As chip multi-processors (CMPs) are becoming more and more complex, software solutions such as parallel programming models are attracting a lot of attention. Task-based parallel programming models offer an appealing approach to utilize complex CMPs. However, the increasing number of cores on modern CMPs is pushing research towards the use of fine grained parallelism. Task-based programming models need to be able to handle such workloads and offer performance and scalability. Using specialized hardware for boosting performance of task-based programming models is a common practice in the research community.
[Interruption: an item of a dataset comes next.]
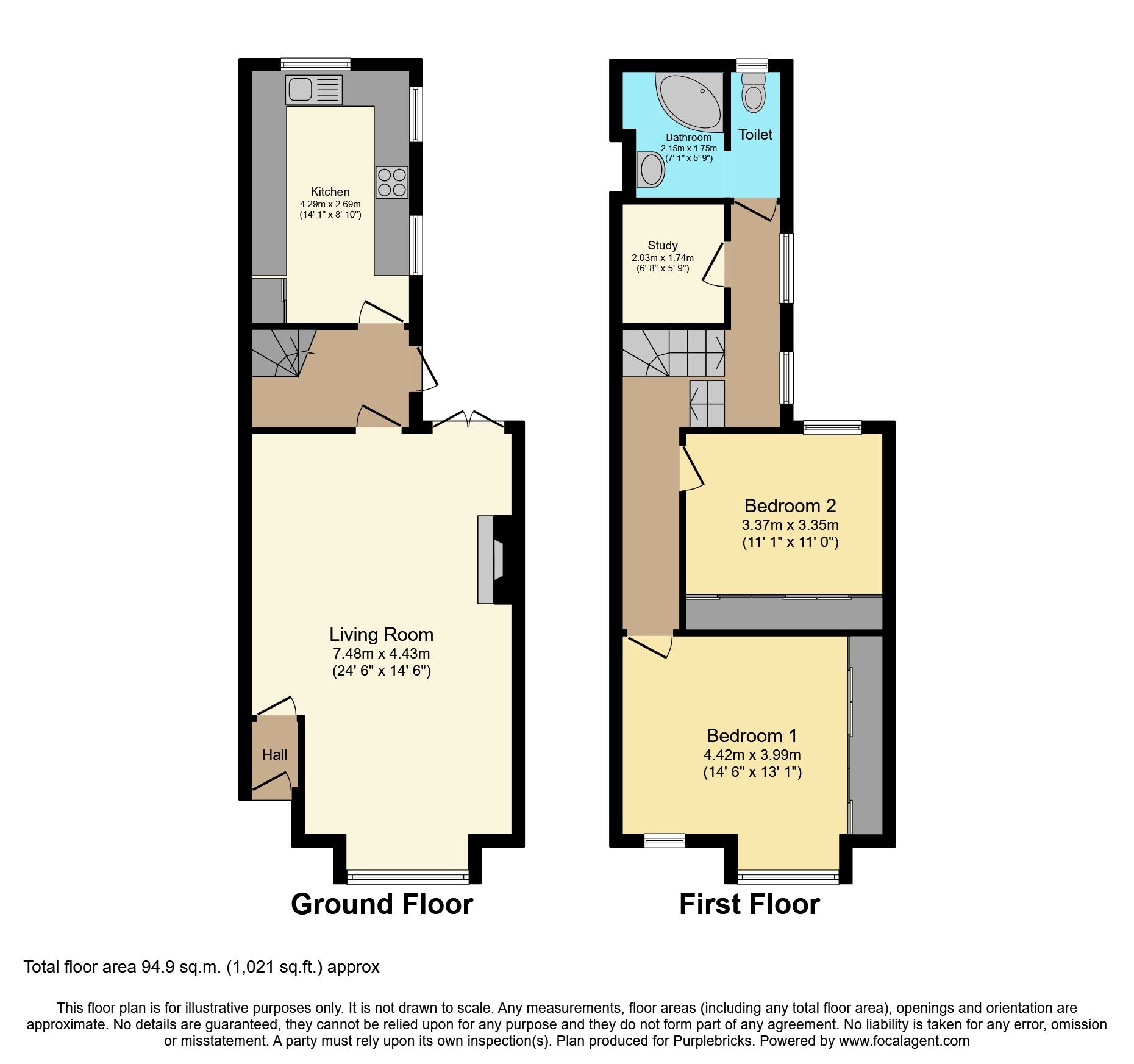 The property comprises two generously sized double bedrooms, both with fitted wardrobes, providing ample storage space. A separate study/office on the first floor provides a quiet and private workspace, ideal for working from home.

Our paper makes the observation that task creation becomes a bottleneck when we execute fine grained parallel applications with many task-based programming models. As the number of cores increases the time spent generating the tasks of the application is becoming more critical to the entire execution. To overcome this issue, we propose TaskGenX. TaskGenX offers a solution for minimizing task creation overheads and relies both on the runtime system and a dedicated hardware. On the runtime system side, TaskGenX decouples the task creation from the other runtime activities. It then transfers this part of the runtime to a specialized hardware. We draw the requirements for this hardware in order to boost execution of highly parallel applications. From our evaluation using 11 parallel workloads on both symmetric and asymmetric multicore systems, we obtain performance improvements up to 15\(\times \), averaging to 3.1\(\times \) over the baseline.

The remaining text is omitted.